# Almont Mi GOB car show.



## alleyyooper (Sep 20, 2017)

*Almont* is a village in Lapeer County in the U.S. state of Michigan. The population was 2,674 at the 2010 census.
Almont is approximately 40 miles north of Detroit.

We passed up two other shows Saturday to attend this one, a bad choice. It is the first one we have entered in our book as to never ever attend again.
A real good old boy network show for sure.
There was a street off the main street that ran down to the corner near a church. Some cars like ours were directed to park in the church parking lot. If you were listed as a Almont resident you were to park on the street you also got a street spot if you were a friend or relative of a Almont resident. Once that street was filled with those persons then people with shiny cars were parked in the street. Fifty cars/trucks were on that street we registered as # 37 and were parked in a corner of the church parking lot.

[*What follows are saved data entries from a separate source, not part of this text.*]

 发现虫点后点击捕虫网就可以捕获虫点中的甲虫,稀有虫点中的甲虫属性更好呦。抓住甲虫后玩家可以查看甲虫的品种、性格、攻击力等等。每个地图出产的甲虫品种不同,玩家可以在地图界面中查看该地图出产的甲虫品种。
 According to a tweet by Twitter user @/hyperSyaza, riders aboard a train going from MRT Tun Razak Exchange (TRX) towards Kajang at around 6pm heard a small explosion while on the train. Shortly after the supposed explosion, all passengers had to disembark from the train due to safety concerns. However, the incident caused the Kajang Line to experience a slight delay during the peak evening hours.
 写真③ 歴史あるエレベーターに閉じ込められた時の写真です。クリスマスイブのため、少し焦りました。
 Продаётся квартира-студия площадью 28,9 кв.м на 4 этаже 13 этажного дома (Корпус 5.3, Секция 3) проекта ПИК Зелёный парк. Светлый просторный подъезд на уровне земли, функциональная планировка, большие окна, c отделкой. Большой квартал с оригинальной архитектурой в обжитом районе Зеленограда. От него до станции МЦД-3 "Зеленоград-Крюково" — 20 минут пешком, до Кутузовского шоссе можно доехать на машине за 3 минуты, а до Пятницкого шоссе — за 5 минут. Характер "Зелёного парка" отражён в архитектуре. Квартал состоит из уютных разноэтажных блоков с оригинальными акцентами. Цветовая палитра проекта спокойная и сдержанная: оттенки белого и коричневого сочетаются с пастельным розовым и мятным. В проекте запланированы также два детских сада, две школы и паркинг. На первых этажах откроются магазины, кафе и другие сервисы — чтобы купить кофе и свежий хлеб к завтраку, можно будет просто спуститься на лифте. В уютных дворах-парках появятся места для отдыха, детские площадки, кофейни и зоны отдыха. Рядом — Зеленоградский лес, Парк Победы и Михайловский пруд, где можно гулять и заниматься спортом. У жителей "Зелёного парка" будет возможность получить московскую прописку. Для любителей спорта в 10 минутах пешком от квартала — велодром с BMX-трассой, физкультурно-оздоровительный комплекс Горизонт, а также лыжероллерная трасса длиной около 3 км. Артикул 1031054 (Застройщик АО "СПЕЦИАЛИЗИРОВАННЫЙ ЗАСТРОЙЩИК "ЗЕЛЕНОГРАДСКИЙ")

This rat rod had a cross cut saw blade for a sun visor.







 

A nice street rod, paint was thin and you could see the black primer under neath the yellow.





Very nice early Ford street rod.





A Dodge drag car.





Street Rod.





66 Ford T bird, My choice for best in show. Non Almont car.





 Al


----------



## alleyyooper (Sep 20, 2017)

57 Ford Voted best Modified car, I agreed as it was a nice clean mod. The color was chocolate, doesn't show well in the pictures.













Chevy PU.






Chevy rug rat grocery hauler.






48 Dodge truck.






 Al


----------



## alleyyooper (Sep 20, 2017)

Another nice old Dodge PU.





Challanger rag top, work in progress.





Hudson Hornet. Kare said she thought this one should be best in show. Didn't make it.











64 Ford.







Voted Best Orginal in the show. As you can see it is in no way orginal. owners was brother to one of thre snow organizers







Buick T type 87 made, bought new in 87 by the owner is all orginal includeing the paint.
Was parked in no mans land church parking lot.

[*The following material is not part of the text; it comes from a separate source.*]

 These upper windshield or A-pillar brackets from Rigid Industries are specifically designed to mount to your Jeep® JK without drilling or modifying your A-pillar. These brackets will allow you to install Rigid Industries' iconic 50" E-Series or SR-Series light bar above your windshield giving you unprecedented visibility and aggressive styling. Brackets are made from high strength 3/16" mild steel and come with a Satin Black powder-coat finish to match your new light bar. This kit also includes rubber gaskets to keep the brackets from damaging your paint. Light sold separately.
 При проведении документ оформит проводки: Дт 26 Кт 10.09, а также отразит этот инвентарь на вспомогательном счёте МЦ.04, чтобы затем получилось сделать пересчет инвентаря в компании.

1985 Buick Limited collectors edition Orginal except thr fluids, tires and exhust system.
Again banished to the church yard.







We saw many cars turned away from the show that arrived after the 12:00 sign in time despite lots of church parking lot room. We also seen some come after 1:30 & 2:00 PM that were allowed in, assumed they had preregistered. Also had many that parked in the lot behind our car that belonged to the post office and a bar.

 Al


----------